Fiji Times Chief Editor Given Work Permit
Fiji Times Chief Editor Given Work Permit
* Pacific Media Watch Online: http://www.pmw.c2o.org
SUVA (PMW): Fiji's military-backed interim government has granted a work permit to the expatriate editor-in-chief of the newspaper suspected by the deposed elected government as having mounted a campaign against it, according to local news reports.
Russell Hunter, a Scottish-born Australian with extensive Pacific experience, has been granted a work permit for three years with the proviso that a local media person be trained to take over the post when the permit expires.
The Fiji Sun reported on 24 August 2000 following a report two days earlier by Fiji Television that Hunter had been granted a work permit.
Immigration and Home Affairs Minister Ratu Talemo Ratakele confirmed the granting of the work permit, according to the Fiji Sun.
The newspaper quoted the minister as saying: "Also noted was the fact that key posts needed to be taken up by overseas people to protect investments in our country."
Deposed Prime Minister Mahendra Chaudhry, the first Indo-Fijian national leader of the Pacific country, as Information Minister and his cabinet colleagues frequently clashed with the media during their year in government.
The Rupert Murdoch-owned Fiji Times was several times singled out for bitter criticism and at one stage was accused of "fanning the fires of sedition and racism", a charge the newspaper rejected.
The Chaudhry government was not popular with some sectors of the Fiji news media and ownership as it pursued policies against privatisation and which were perceived to be anti-business.
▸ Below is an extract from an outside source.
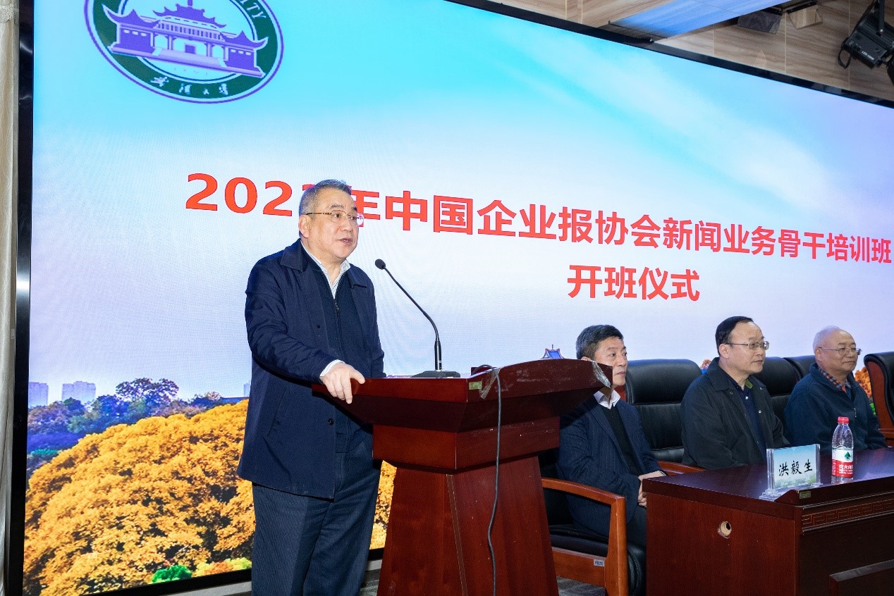 出席开班仪式的嘉宾有:中国企业报协会会长、红桃视频 1988级校友俞太银,中国企业报协会办公室主任郭春燕,红桃视频 党委书记李玉龙,院长强月新,副院长吴世文,副院长洪毅生。

The deposed government gave priority to policies assisting the nation's high-level of poor and under-privileged urban and rural people.
On May 19, the Chaudhry government was overthrown at gunpoint by failed businessman George Speight and his rebels who claiming to be acting for "indigenous rights".
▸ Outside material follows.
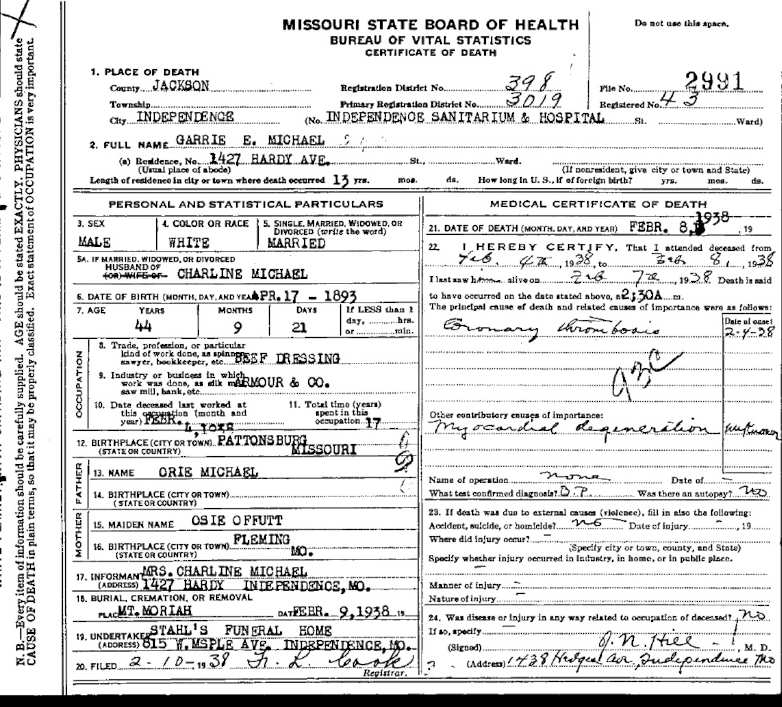 Missouri Certificate of Death for Garrie E. Michael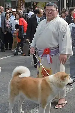 Takekaze Akira (born June 21, 1979 as Akira Narita) is a former professional sumo wrestler from Akita Prefecture, Japan. A former amateur sumo champion, he turned professional in 2002, reaching the top makuuchi division the following year. He was a runner-up in one tournament, earned two special prizes for Fighting Spirit, and one gold star for defeating a yokozuna. Takekaze is in first place for the slowest promotion from makuuchi debut to the third highest sekiwake rank in history. Aged 35 years and two months, he is in first place for the eldest to make his sekiwake debut post World War II. He was a member of Oguruma stable. He retired in January 2019 to become an elder of the Japan Sumo Association under the name Oshiogawa-oyakata and is the owner of Oshiogawa stable.

Less than a month earlier, on April 26, the Fiji High Court rejected an attempt by The Fiji Times to quash the Chaudhry government's decision to refuse a work permit extension for Hunter and he left the country shortly after.
During the Fiji political crisis, local editors Netani Rika was acting editor of The Fiji Times and Samisoni Kakaivalu edited the sister paper, The Sunday Times.
The Fiji Times Ltd also owns two weekly vernacular newspapers, in the Fijian and Hindi languages, which are edited by local journalists.
The interim Information Minister and Communications Minister, Ratu Inoke Kubuabola, one of the conspirators in the 1987 coups, has faced allegations of being implicated in Speight's attempted coup.